5 Results Verified by FTA and Monte-Carlo Simulation Results Verified by FTA (qualitative analysis) and Monte-Carlo Simulation(quantitative analysis) Table 4 System Success Probability Calculated Through Different Methods Method Success probability of hydraulic steering system Exact algorithm with shared signal 0.98940264 Qualitative analysis based on GO method 0.98597748 FTA 0.98597748 Monte Carlo 0.98873300 The Results in Table 4 show that: Because qualitative analysis results by GO method and FTA can be thought as the lower limit of success probability of system, and results of exact algorithm with shared signal is larger than the lower limit, we can get that GO method is correct for reliability analysis of system with DICLFL considering shutdown correlation. The result by the exact algorithm considering shared signal is closer to the result by Monte Carlo simulation, and it indicates that GO methodology is suitable for reliability analysis of systems with DICLFL considering shutdown correlation.

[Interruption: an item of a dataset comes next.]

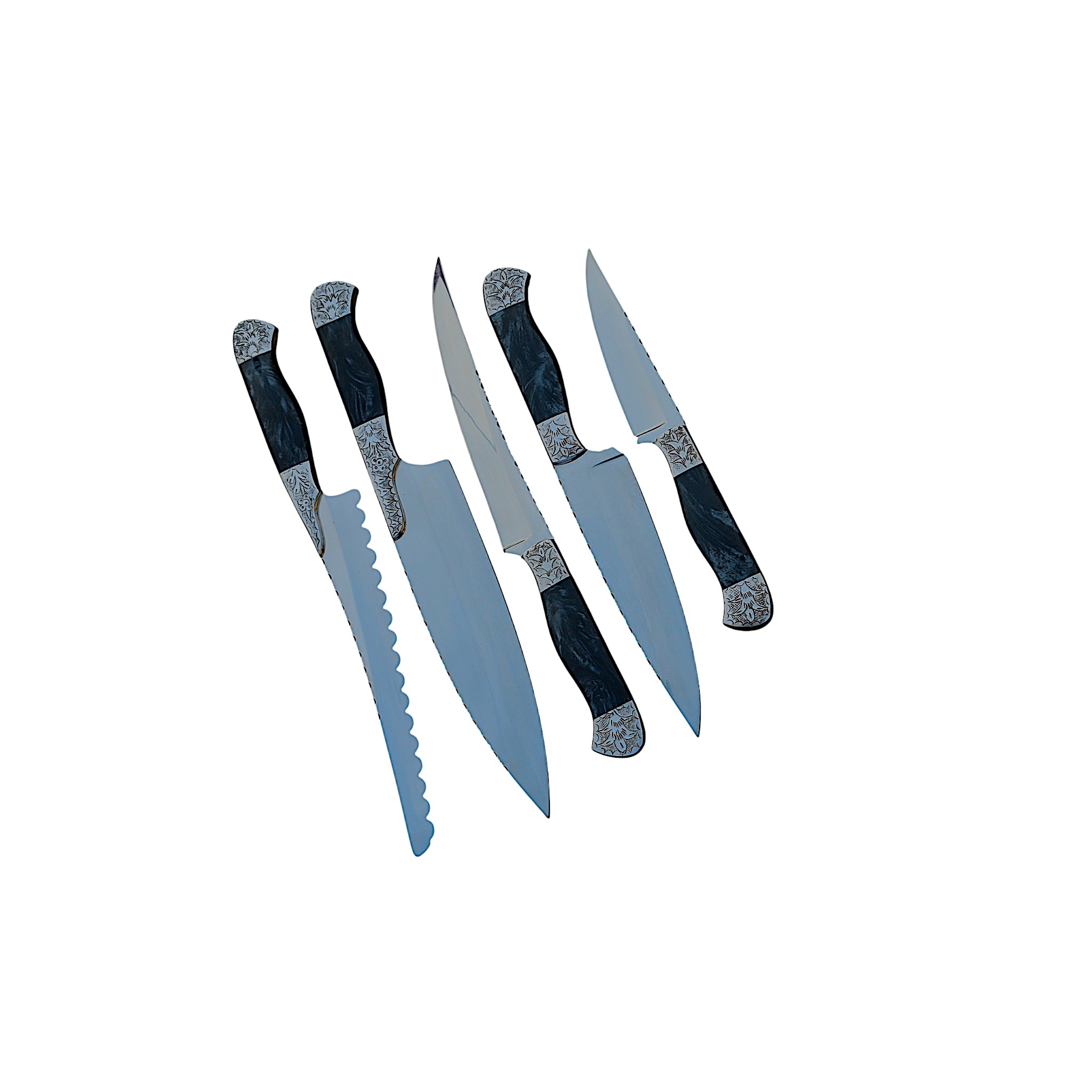 Elevate your kitchen with this distinguished five-piece culinary knife set, blending exceptional functionality with intricate artistry. Each knife features a polished, sharp blade, with some boasting a serrated edge for versatile cutting tasks. The striking highlight is the meticulously crafted silver-toned bolsters, adorned with ornate, floral-inspired engravings, which beautifully complement the sleek black handles. This collection is a testament to both precision and elegance, perfect for discerning chefs and collectors alike.

6 Conclusions Works: This paper provides a reliability analysis method for repairable systems with DICLFL considering shutdown correlation, whose number is 1. A new operator which can be used to represent DICLFL considering shutdown correlation, whose number is 1, is created and named as Type 9C operator, and its steady state probability quantification formulas are deduced based on Markov process theory. To verify the correctness and feasibility of the new method presented in this paper, take a hydraulic steering system as an example to conduct the reliability analysis, and the analysis result is compared with that of FTA and Monte-Carlo simulation. Significance: The comparison results show that the new method is correct and feasible for the reliability analysis of system with DICLFL considering shutdown correlation. It is more advantageous in the aspects of system model building and quantitative analysis. This paper provides guidance for reliability analysis of repairable systems with DICLFL considering shutdown correlation.